Zebrafish as a Vertebrate Model for Studying Nodavirus Infections.

机构信息

Instituto de Investigaciones Marinas (IIM), Consejo Superior de Investigaciones Científicas (CSIC), Vigo, Spain.

出版信息

Front Immunol. 2022 Mar 24;13:863096. doi: 10.3389/fimmu.2022.863096. eCollection 2022.

DOI:10.3389/fimmu.2022.863096
PMID:35401537
原文链接:https://pmc.ncbi.nlm.nih.gov/articles/PMC8987509/
Abstract

Nervous necrosis virus (NNV) is a neurotropic pathogenic virus affecting a multitude of marine and freshwater fish species that has a high economic impact on aquaculture farms worldwide.
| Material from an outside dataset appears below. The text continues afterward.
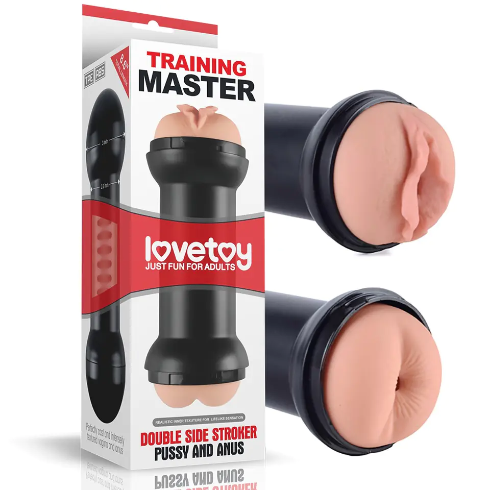 Masturabtor Lovetoy Training Master Double with holes at both ends of Anus + Vagina. Made of elastic and realistic to the touch TPE material (phthalate free, latex-free). The striated tunnel enhances the intense experience.

Therefore, the development of new tools and strategies aimed at reducing the mortality caused by this virus is a pivotal need. Although zebrafish is not considered a natural host for NNV, the numerous experimental advantages of this species make zebrafish an attractive model for studying different aspects of the disease caused by NNV, viral encephalopathy and retinopathy (VER). In this work, we established the best way and age to infect zebrafish larvae with NNV, obtaining significant mortalities in 3-day-postfertilization larvae when the virus was inoculated directly into the brain or by intramuscular microinjection. As occurs in naturally susceptible fish species, we confirmed that after intramuscular injection the virus was able to migrate to the central nervous system (CNS). As expected, due to the severe damage that this virus causes to the CNS, alterations in the swimming behavior of the zebrafish larvae were also observed. Taking advantage of the existence of transgenic fluorescent zebrafish lines, we were able to track the migration of different innate immune cells, mainly neutrophils, to the site of infection with NNV the brain. However, we did not observe colocalization between the viral particles and neutrophils. RNA-Seq analysis of NNV-infected and uninfected larvae at 1, 3 and 5 days postinfection (dpi) revealed a powerful modulation of the antiviral immune response, especially at 5 dpi. We found that this response was dominated by, though not restricted to, the type I interferon system, the major defence mechanism in the innate immune response against viral pathogens. Therefore, as zebrafish larvae are able to develop the main characteristic of NNV infection and respond with an efficient immune arsenal, we confirmed the suitability of zebrafish larvae for modelling VER disease and studying different aspects of NNV pathogenesis, immune response and screening of antiviral drugs.

摘要

神经坏死病毒 (NNV) 是一种嗜神经的致病性病毒,影响多种海洋和淡水鱼类,对全球水产养殖造成重大经济损失。因此,开发旨在降低这种病毒引起的死亡率的新工具和策略是当务之急。虽然斑马鱼不是 NNV 的天然宿主,但这种物种的众多实验优势使其成为研究 NNV 引起的疾病、病毒性脑脊髓炎和视网膜病变 (VER) 不同方面的有吸引力的模型。在这项工作中,我们确定了用 NNV 感染斑马鱼幼虫的最佳方式和年龄,当病毒直接接种到大脑或肌肉内微量注射时,在 3 日龄孵化后的幼虫中获得了显著的死亡率。与天然易感鱼类一样,我们证实,肌肉内注射后,病毒能够迁移到中枢神经系统 (CNS)。正如预期的那样,由于这种病毒对中枢神经系统造成的严重损害,也观察到斑马鱼幼虫游泳行为的改变。利用存在的转基因荧光斑马鱼品系,我们能够追踪不同固有免疫细胞(主要是中性粒细胞)向 NNV 感染部位的迁移——大脑。然而,我们没有观察到病毒颗粒与中性粒细胞的共定位。对感染和未感染 NNV 的幼虫在感染后 1、3 和 5 天(dpi)的 RNA-Seq 分析显示,抗病毒免疫反应被强力调控,尤其是在 5 dpi。我们发现,这种反应主要由 I 型干扰素系统主导,尽管不限于该系统,这是固有免疫反应针对病毒病原体的主要防御机制。因此,由于斑马鱼幼虫能够发展出 NNV 感染的主要特征,并以有效的免疫武器库作出反应,我们证实了斑马鱼幼虫适合模拟 VER 疾病,并研究 NNV 发病机制、免疫反应和抗病毒药物筛选的不同方面。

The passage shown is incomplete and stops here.